Work to complete: No line before the one holding "Dracula was going" is wanted; restate word for word that line and all lines after it to the end of the entries, excluding pictures.

Data supplied:
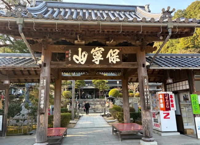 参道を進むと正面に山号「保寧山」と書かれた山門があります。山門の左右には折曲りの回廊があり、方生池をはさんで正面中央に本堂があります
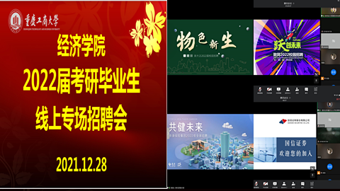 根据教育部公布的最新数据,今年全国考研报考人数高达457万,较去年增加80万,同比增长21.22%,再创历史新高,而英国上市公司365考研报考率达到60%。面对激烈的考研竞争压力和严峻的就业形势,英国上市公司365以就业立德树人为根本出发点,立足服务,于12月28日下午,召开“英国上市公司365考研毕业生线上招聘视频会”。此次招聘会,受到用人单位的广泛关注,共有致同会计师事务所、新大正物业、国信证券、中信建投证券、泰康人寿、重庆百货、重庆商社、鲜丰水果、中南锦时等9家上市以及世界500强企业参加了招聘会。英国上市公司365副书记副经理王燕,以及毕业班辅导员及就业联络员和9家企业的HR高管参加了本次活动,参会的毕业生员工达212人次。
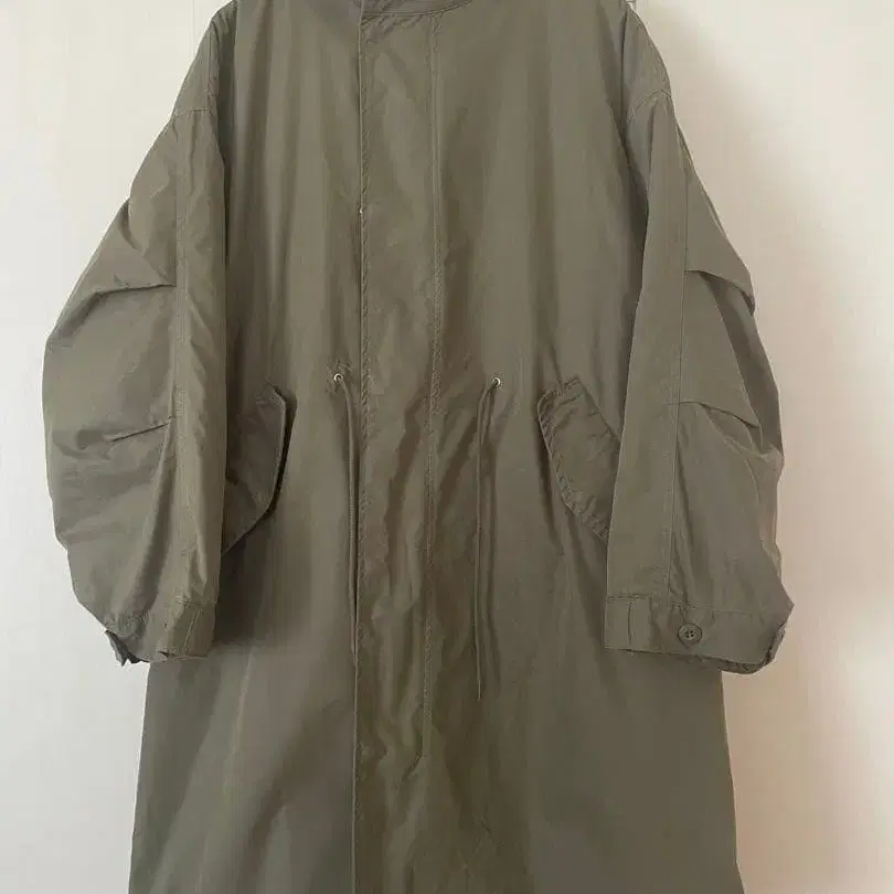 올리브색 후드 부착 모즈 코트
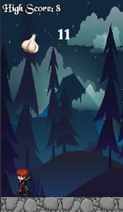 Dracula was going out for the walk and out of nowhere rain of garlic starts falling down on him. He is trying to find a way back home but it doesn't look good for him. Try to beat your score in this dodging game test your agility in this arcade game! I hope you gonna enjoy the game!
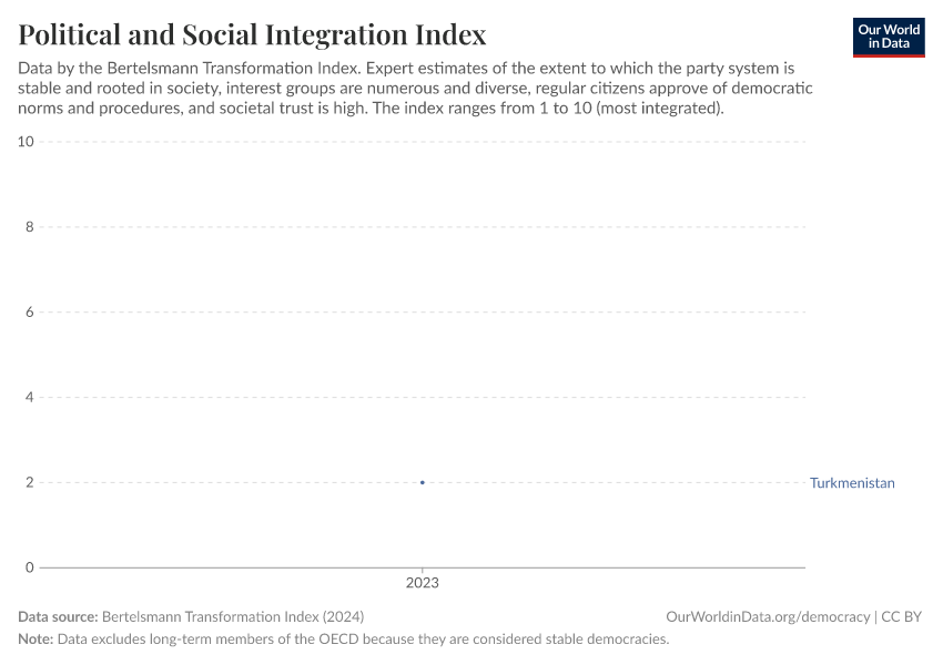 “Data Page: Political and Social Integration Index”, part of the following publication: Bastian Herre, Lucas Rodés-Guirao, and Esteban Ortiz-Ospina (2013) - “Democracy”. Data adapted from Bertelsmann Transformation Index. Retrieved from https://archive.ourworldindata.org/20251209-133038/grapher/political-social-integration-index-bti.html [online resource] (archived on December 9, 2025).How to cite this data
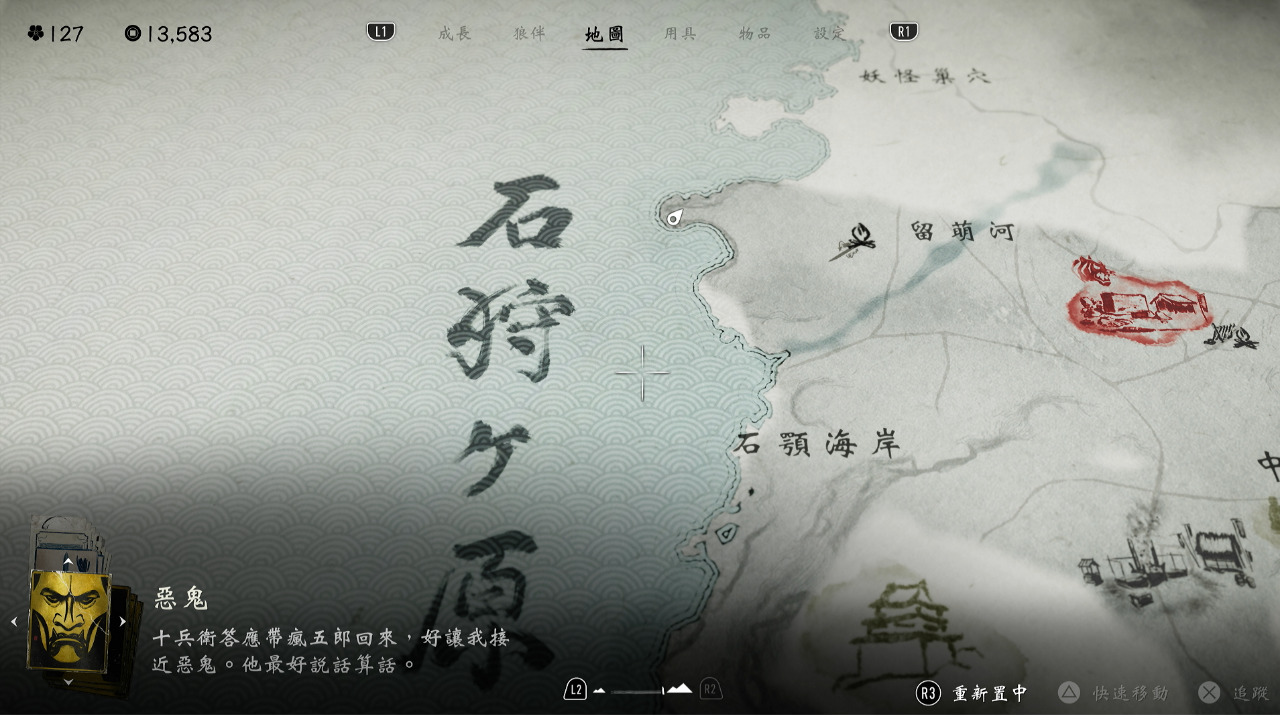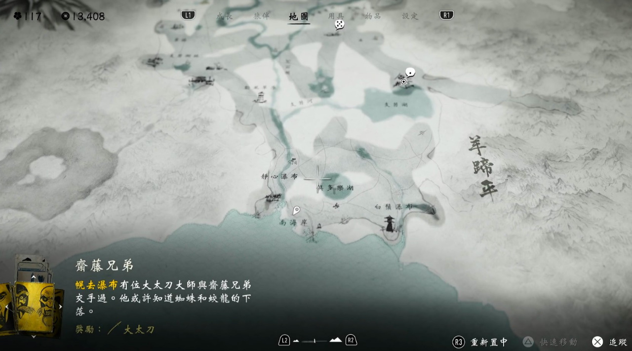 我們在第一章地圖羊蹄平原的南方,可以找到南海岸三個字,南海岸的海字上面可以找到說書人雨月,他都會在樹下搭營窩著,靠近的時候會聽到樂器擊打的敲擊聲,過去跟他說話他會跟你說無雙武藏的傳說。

Output for this task:
 Dracula was going out for the walk and out of nowhere rain of garlic starts falling down on him. He is trying to find a way back home but it doesn't look good for him. Try to beat your score in this dodging game test your agility in this arcade game! I hope you gonna enjoy the game!
 “Data Page: Political and Social Integration Index”, part of the following publication: Bastian Herre, Lucas Rodés-Guirao, and Esteban Ortiz-Ospina (2013) - “Democracy”. Data adapted from Bertelsmann Transformation Index. Retrieved from https://archive.ourworldindata.org/20251209-133038/grapher/political-social-integration-index-bti.html [online resource] (archived on December 9, 2025).How to cite this data
 我們在第一章地圖羊蹄平原的南方,可以找到南海岸三個字,南海岸的海字上面可以找到說書人雨月,他都會在樹下搭營窩著,靠近的時候會聽到樂器擊打的敲擊聲,過去跟他說話他會跟你說無雙武藏的傳說。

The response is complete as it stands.